What is needed: The data below holds the lines to copy: everything from the line containing "Zentimeter für Zentimeter" to the line containing "The DSC technique", both ends included, set down exactly.

Input data:
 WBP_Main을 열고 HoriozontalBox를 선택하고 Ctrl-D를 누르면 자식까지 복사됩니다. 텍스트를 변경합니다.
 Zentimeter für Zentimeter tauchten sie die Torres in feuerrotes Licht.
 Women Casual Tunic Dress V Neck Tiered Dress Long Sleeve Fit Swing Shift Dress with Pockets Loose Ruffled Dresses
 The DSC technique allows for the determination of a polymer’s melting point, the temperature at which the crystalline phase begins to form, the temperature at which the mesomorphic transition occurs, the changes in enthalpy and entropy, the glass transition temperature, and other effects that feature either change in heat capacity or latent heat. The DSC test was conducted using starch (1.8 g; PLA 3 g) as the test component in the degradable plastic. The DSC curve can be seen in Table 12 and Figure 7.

==

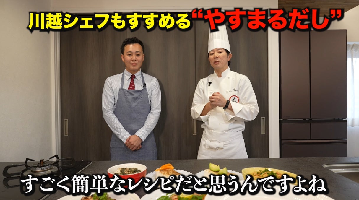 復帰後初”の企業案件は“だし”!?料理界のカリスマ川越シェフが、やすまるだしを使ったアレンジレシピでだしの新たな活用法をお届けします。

* * *

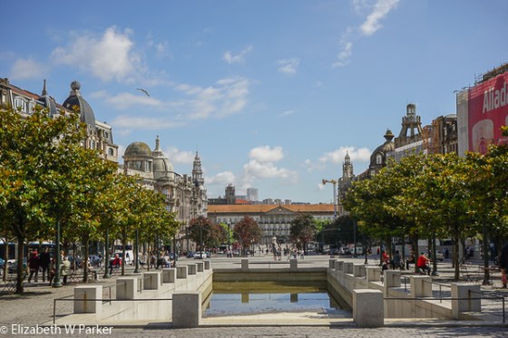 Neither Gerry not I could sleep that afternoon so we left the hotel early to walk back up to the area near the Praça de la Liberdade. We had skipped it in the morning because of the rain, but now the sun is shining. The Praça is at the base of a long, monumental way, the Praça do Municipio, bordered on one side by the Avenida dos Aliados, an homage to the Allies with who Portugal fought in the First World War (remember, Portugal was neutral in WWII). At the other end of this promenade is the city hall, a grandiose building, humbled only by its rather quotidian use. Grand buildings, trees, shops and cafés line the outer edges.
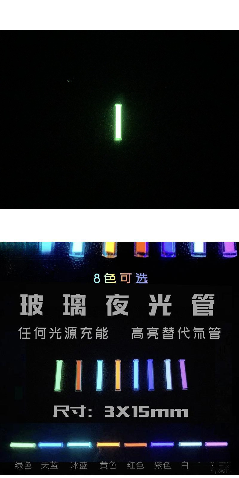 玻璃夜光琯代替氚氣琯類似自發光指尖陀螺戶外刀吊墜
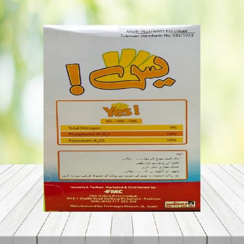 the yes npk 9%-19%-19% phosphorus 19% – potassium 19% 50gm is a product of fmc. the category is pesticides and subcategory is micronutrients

Answer to this problem:
 Zentimeter für Zentimeter tauchten sie die Torres in feuerrotes Licht.
 Women Casual Tunic Dress V Neck Tiered Dress Long Sleeve Fit Swing Shift Dress with Pockets Loose Ruffled Dresses
 The DSC technique allows for the determination of a polymer’s melting point, the temperature at which the crystalline phase begins to form, the temperature at which the mesomorphic transition occurs, the changes in enthalpy and entropy, the glass transition temperature, and other effects that feature either change in heat capacity or latent heat. The DSC test was conducted using starch (1.8 g; PLA 3 g) as the test component in the degradable plastic. The DSC curve can be seen in Table 12 and Figure 7.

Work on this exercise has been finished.